Господи милосердный. Девчонка. Мелкая совсем. И что же за дерьмо такое приключилось в ее жизни, что превращение в отбивную показалось самым оптимальным вариантом? Сломанные руки и ноги, раздробленные таз и грудная клетка, голова в липкой багровой луже.

Лица не видно (и слава богу), только волна черных блестящих волос и окровавленная мочка уха. Вдавливаю пальцы в ямку на шее. Пульсации нет. Да и разве может быть. Восьмой или какой там этаж… Все.

Подбегают люди, что‑то молотят по‑итальянски, ни хрена не понимаю. “Чего? Да‑да… Умерла. Морте. Вызывайте девять‑один‑один или кто тут у вас трупы убирает… Мэри, я здесь”!»

Припоминаю, что после случившегося чета Скоттов изменила планы и провела вечер в ближайшей траттории, где капитан снимал стресс шотландским виски и незаметно подливал вино жене.

Я сидел в кресле за столом, не в силах перестать вытаскивать из памяти Скотта все эти леденящие душу детали. Я узнал одежду, которая была на Катрине, тонкий золотой браслет, мой подарок, на правом запястье, татуировка на бугорке последнего шейного позвонка. Тонкие руки, узкие бедра, волосы, запах которых я помню до сих пор. И вот теперь… Это восхитительное тело сломали, как картонный пазл, перемешали и рассыпали по брусчатке…

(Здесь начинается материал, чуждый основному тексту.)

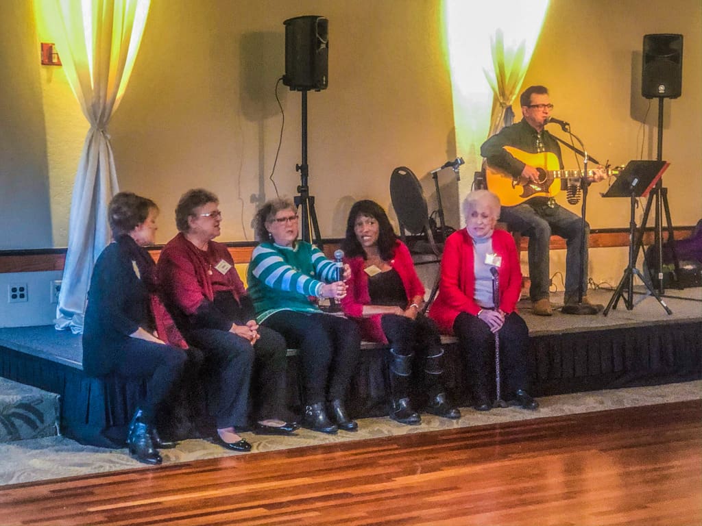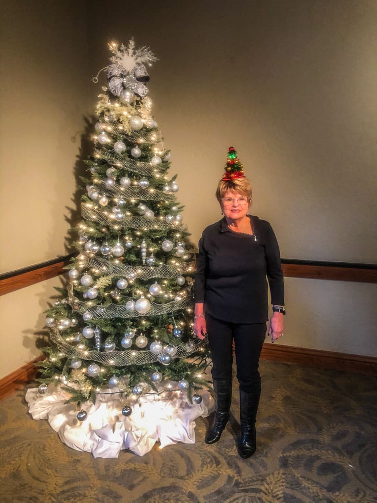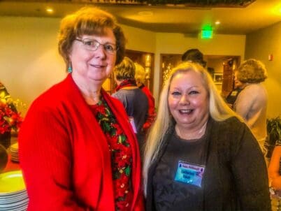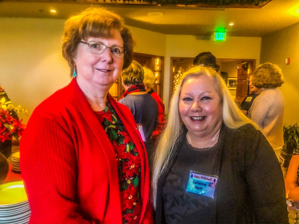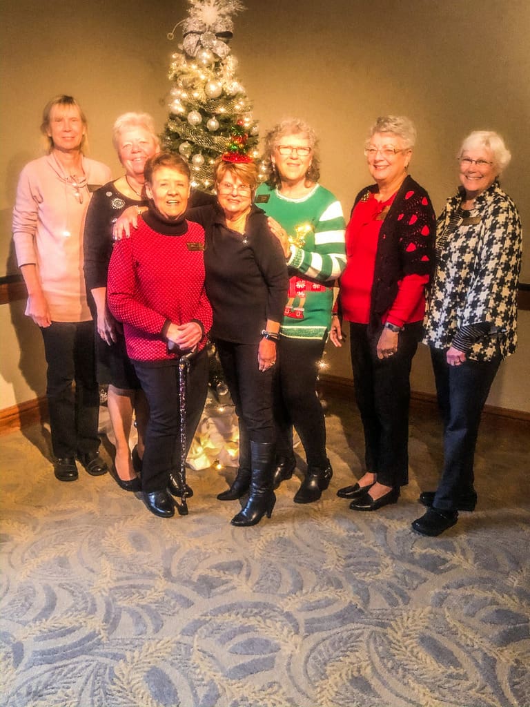 72 EPWC members and guests filled the ballroom at the Rogue Valley Country Club for our December luncheon. The room was a literal sea of red clothing as everyone brightened the cold, foggy day. We all enjoyed some social time, the usual business meeting and a scrumptious buffet lunch. The menu included scalloped potatoes, roast turkey, tossed salad, roasted brussels sprouts, fresh fruit and a tangy lemon bar. Each table featured a hand-crafted centerpiece crafted by member, Annette Godfrey, which were distributed to lucky members through a drawing. We celebrated December and January birthdays and welcomed new members and guests. The program featured local musician, John Hollis, who entertained us with a few jokes and vocal and guitar Christmas music. A group of 5 ladies moved up to a corner of the stage to add a female chorus to the music. Lots of happy holiday wishes were shared as we prepared to finish the rest of our day. Happy Holidays to all and looking forward to an outstanding 2020 together.

Сломал, перемешал, рассыпал. Я.

В Швейцарию я вернулся, постарев на сто лет.

 

* * *

 

– Милый, все в порядке? Ты выглядишь неважно. Тебе надо лучше есть. Тело еще не вполне восстановилось после кровопотери. Как учеба? Мне звонили из университета, интересовались, где ты. Ты пропустил неделю учебы? Где был? – мама наряжает гостиную к празднику и параллельно ведет ненавязчивый допрос. Всюду коробки с елочными украшениями и рулоны упаковочной бумаги.

– В Праге.

Ее рука с елочной игрушкой замирает в воздухе. Она прекрасно знает, откуда та девушка, которой предназначалось кольцо от «Тиффани». И конечно же, сообразила, что я ездил в Чехию не пиво дегустировать.

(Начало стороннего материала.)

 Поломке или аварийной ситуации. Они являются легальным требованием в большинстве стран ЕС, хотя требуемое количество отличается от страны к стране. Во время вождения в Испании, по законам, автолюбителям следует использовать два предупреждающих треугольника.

Мама спускается с лесенки, приставленной к огромной елке, которую непонятно как втащили в эту гостиную, – и кладет руки мне на плечи:

– Мы уже говорили об этом много раз, и я знаю, что о мертвых либо хорошо, либо никак, но в том, что случилось, виноват не только ты. Она тоже. И все мы, если уж начистоту… Мы должны были предупредить тебя заранее, чем может закончиться любовная горячка. Подай мне вон ту коробку, дорогой…

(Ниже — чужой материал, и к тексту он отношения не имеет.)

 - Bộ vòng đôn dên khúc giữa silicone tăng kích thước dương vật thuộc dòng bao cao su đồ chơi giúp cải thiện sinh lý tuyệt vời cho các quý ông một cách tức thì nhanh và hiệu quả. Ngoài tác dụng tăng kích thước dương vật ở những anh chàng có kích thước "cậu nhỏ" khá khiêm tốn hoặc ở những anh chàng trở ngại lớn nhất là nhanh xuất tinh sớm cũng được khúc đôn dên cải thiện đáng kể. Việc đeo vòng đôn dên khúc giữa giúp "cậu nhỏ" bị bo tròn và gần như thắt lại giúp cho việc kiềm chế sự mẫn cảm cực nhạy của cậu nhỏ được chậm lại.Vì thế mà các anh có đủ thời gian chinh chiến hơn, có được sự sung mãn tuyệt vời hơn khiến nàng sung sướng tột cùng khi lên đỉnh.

Я передаю ей коробку с огромными стеклянными шарами.

– Есть еще что‑то, что тебя беспокоит?

– Остаточные реакции. Я постоянно вижу мертвое тело, которое… однажды видел Скотт, – запинаясь произношу я.

– Ох, да, – кивает мама. – Он же был полицейским и все такое… Мне жаль, сынок. К сожалению, нет никого способа избавиться от остаточных реакций.

– Кого тут беспокоят остаточные реакции? – В гостиную въезжает бородатый дед на инвалидном кресле. Я все не могу привыкнуть к новой оболочке Альцедо: безногий старик шестидесяти лет, тело которого Неофрон притащил аж из Афганистана.

– Знаете, над чем сейчас колдуют в Департаменте разработок Уайдбека? Над препаратом, который сможет гасить остаточные реакции! Укололся – и прощай, призраки прошлого! – сияет мой младший брат.

Он третий год изучает химию в университете Женевы, а оставшееся время околачивается в исследовательских лабораториях Уайдбека. Фармацевтика – его любимая тема для разговоров.

– Да вы там просто маленькие Гарри Поттеры, я смотрю… Я первый в очередь на пробную партию.

– Не вопрос, – кивает Альцедо, срывая с елки имбирную печеньку, – правда, еще годика три подождать придется.

– Альцедо! Не ешь мое печенье! – ворчит мама.

– А то что, надаешь по рукам бедному инвалиду? – хихикает Альцедо.

– Еще как надаю.

Я обожаю эти милые семейные перепалки. Особенно накануне Рождества. Особенно когда ты почти разучился веселиться.

 

* * *

 

К вечеру почти вся семья была в сборе: наконец разделался с делами и приехал отец. Явился Кор, разряженный в белоснежную рубашку и галстук. Диомедея опаздывала, но клялась по телефону, что точно явится домой до полуночи.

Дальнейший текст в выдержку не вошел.